Reproduce, exactly and in full, the lines from the one with "Päivitystoiminto lisää asiakaskohtaisten" through the one with "Çekmeköy'de etkili olan" in the data below; drop pictures.
------ Information given
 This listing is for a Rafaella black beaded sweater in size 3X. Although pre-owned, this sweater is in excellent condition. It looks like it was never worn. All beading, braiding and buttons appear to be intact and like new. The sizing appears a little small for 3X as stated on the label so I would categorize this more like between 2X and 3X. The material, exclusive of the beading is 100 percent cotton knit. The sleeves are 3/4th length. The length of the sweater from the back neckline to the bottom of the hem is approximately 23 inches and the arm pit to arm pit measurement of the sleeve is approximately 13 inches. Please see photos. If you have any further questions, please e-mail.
------------
------ Information given
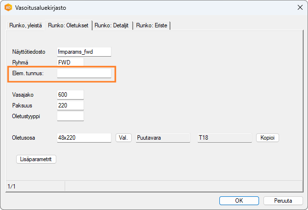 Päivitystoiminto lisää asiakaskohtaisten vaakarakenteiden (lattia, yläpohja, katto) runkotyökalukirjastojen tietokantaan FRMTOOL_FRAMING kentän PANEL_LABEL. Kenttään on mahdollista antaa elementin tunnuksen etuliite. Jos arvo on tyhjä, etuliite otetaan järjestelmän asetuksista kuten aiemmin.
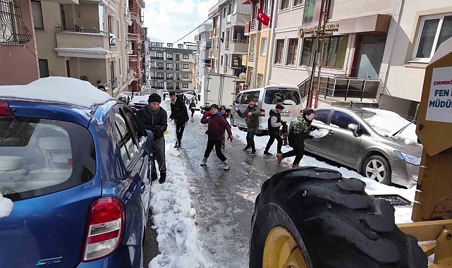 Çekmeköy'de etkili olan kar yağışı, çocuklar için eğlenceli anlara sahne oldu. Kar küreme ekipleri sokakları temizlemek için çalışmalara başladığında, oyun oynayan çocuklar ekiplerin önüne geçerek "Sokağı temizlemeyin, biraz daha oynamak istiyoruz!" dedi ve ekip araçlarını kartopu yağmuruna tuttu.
------------
■ Task solution:
 Päivitystoiminto lisää asiakaskohtaisten vaakarakenteiden (lattia, yläpohja, katto) runkotyökalukirjastojen tietokantaan FRMTOOL_FRAMING kentän PANEL_LABEL. Kenttään on mahdollista antaa elementin tunnuksen etuliite. Jos arvo on tyhjä, etuliite otetaan järjestelmän asetuksista kuten aiemmin.
 Çekmeköy'de etkili olan kar yağışı, çocuklar için eğlenceli anlara sahne oldu. Kar küreme ekipleri sokakları temizlemek için çalışmalara başladığında, oyun oynayan çocuklar ekiplerin önüne geçerek "Sokağı temizlemeyin, biraz daha oynamak istiyoruz!" dedi ve ekip araçlarını kartopu yağmuruna tuttu.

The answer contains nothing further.